- Born: Neil Andrew Patrick Carson 15 April 1957 (age 69)
- Education: Emanuel School Coventry University
- Occupation: Businessman
- Years active: 1980–present
- Title: former CEO, Johnson Matthey
- Term: 2004–2014
- Predecessor: Michael Dearden
- Successor: Robert MacLeod
- Board member of: AMEC plc

= Neil Carson (businessman) =

British businessman

Neil Andrew Patrick Carson (born 15 April 1957) is a British businessman, who was the chief executive (CEO) of Johnson Matthey, a British multinational chemicals and precious metals company, from 2004 to 2014.

==Early life==
Carson grew up in south London and attended Emanuel School. He has an engineering degree from Coventry University.

==Career==
Carson joined Johnson Matthey in 1980, and was appointed to the board of in 2002, and promoted to CEO in 2004. Since 2010, Carson has been a non-executive director of AMEC plc.

Carson retired in 2014, and was succeeded as CEO of Johnson Matthey by Robert MacLeod.

Carson is a member of the advisory board for the Cambridge Programme for Sustainability Leadership.
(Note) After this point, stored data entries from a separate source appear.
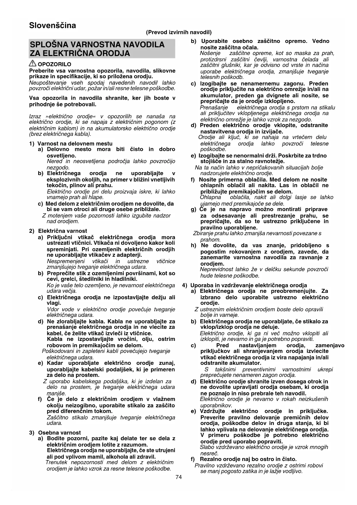 a) Bodite pozorni, pazite kaj delate ter se dela z električnim orodjem lotite z razumom. Električnega orodja ne uporabljajte, če ste utrujeni ali pod vplivom mamil, alkohola ali zdravil. Trenutek nepozornosti med delom z električnim orodjem je lahko vzrok za resne telesne poškodbe. (Prevod izvirnih navodil) 00BookDH26PB2.indb7400BookDH26PB2.indb74 2023/06/1513:36:162023/06/1513:36:1675 Slovenščina g) Električno orodje, pribor, vsadna orodja in podobno uporabljajte v skladu s temi navodili, pri čemer upoštevajte delovne pogoje in dejavnost, ki jo boste opravljali. Uporabo električnega orodja v druge namene lahko privede do nevarne situacije. h) Ročaji in prijemalne površine naj bodo suhe, čiste in brez olja in masti. Spolzki ročaji in prijemalne površine ne omogočajo varnega ravnanja in nadzora orodja v nepričakovanih situacijah.
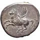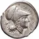 Reverse description Head of Athena right, wearing Corinthian helmet with neck-guard, behind thunderbolt.
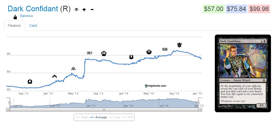 #1 Dark Confidant (-2.76%) - Not surprising, poor Bob continues to trend downward as the Treasure Cruise decks of Legacy/Modern continue to prove that you don't need Bob for pure card advantage in either format. Their dominance also just pushes black back as a whole, as Black's bread and butter (outside of some combo decks) is hand disruption at one black mana. When all it takes is one blue mana (and seven previously used cards) to get three cards back...it's hard to fight that battle.
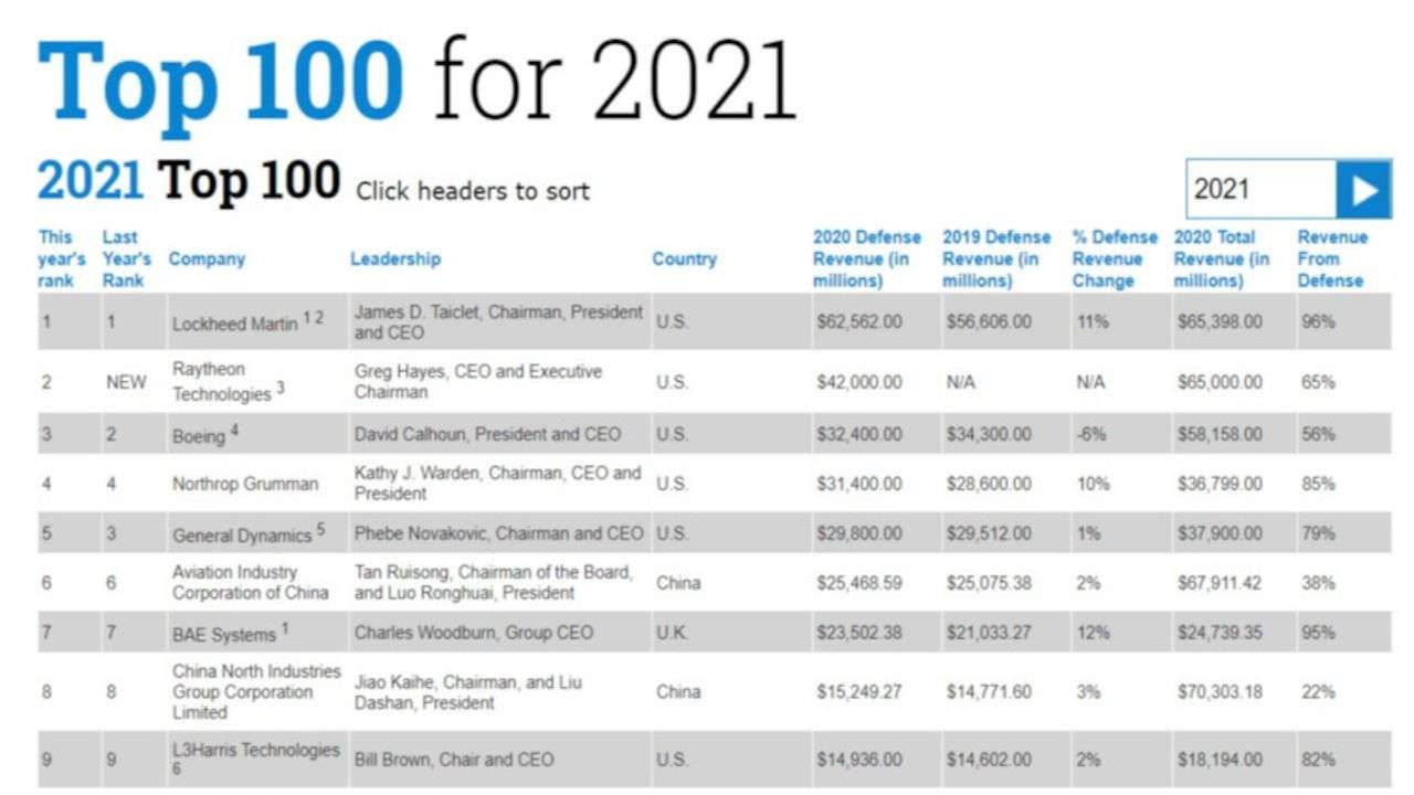 | This year's rank | Last Year's Rank | Company | Leadership | Country | 2020 Defense Revenue (in millions) | 2019 Defense Revenue (in millions) | % Defense Revenue Change | 2020 Total Revenue (in millions) | Revenue From Defense |

Carson has also served as the chairman of UK government's sustainable consumption and production taskforce.

==Honours and awards==
In 2010, he was awarded an honorary doctorate by Anglia Ruskin University.

Carson was appointed Officer of the Order of the British Empire (OBE) in the 2016 Birthday Honours for services to the chemical industry.